Erst die Arbeit, dann das Vergnügen
Nicht nur bei den Älteren sitzt diese Weisheit fest im Kopf. Auch die Jüngeren scheinen sie sich sehr zu Herzen zu nehmen. Nur 1 % der Befragten haben nicht das Gefühl, sich Genuss verdienen zu müssen. Die meisten denken also: Genuss = Belohnung. Obwohl das Angebot an Genussmöglichkeiten immer größer wird, kann man immer weniger davon genießen. So sehen es viele Deutsche. Ist die fehlende freie Zeit Schuld daran? Fast die Hälfte der Befragten haben den Eindruck, dass es vor allem im „stressigen Alltag“ immer seltener gelingt, etwas wirklich zu genießen.

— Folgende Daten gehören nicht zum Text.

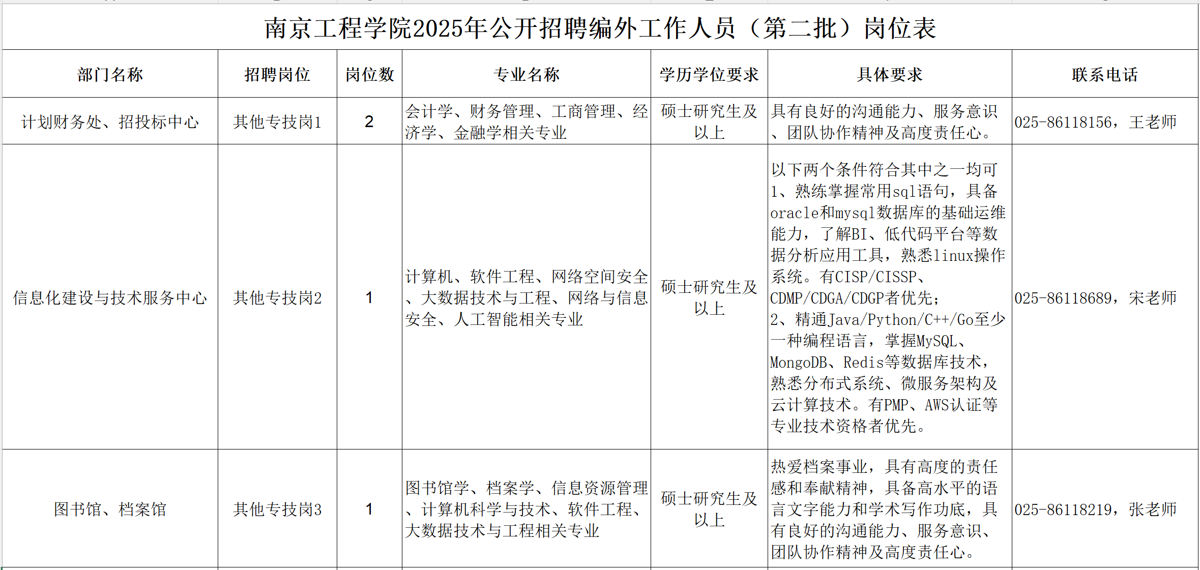 因学校工作需要,现将2025年公开招聘编外工作人员(第二批)有关事宜公告如下:

Die gefährliche Steigerung davon ist, wenn aus diesem „Genuss-Druck“, „Genuss-Neid“ entsteht; wenn die anderen, gefühlt, das halbe Jahr in der Sonne brutzeln, während du im verregneten Deutschland Tee trinkst. Denn aus diesem Gefühl heraus, wird Genuss zu etwas Zwanghaftem und verliert dadurch an Wert.
Das Geheimnis: Loslassen können!
„Hochgenuss“ – was war das nochmal? Dieses berauschende Stadium aus völligem Einssein mit sich und der Welt erreicht man eigentlich nur durch das Loslösen von stressigen Situationen. Das kann man aber nicht planen, man muss dafür bereit sein. Besonders jungen Leuten fällt das schwer, aber auch die Älteren klagen über diese Unfähigkeit. Da ist es wenig verwunderlich, dass Psychologen oft die Aussage zu Ohren kommt: „Früher habe ich das genossen. Heute kann ich das nicht mehr.“
Schreibt uns die Gesellschaft vor, selbstbeherrscht zu leben?
Die Institutionen legen jedenfalls einen soliden Grundstein, um unseren Genuss einzuschränken: Kein Rauch in den Kneipen, kein Fett in der Sahne. Gesellschaft sollte Ressourcen zum Genießen bereitstellen, anstatt alles Anstößige (aus Bequemlichkeit) zu verbieten! Kann es sein, dass hier das eigentliche Problem liegt? Sind die Deutschen schlichtweg zu prüde? Ist für sie Genuss ein Synonym für Tabu geworden? Schlankheitswahn und Karrierefokus hemmen unsere Genussbereitschaft. Um dem zu entkommen hilft nur eins: beherzt über die Stränge schlagen, im Hier und Jetzt leben, der Unvernunft ein Loblied singen, und einfach den Moment genießen.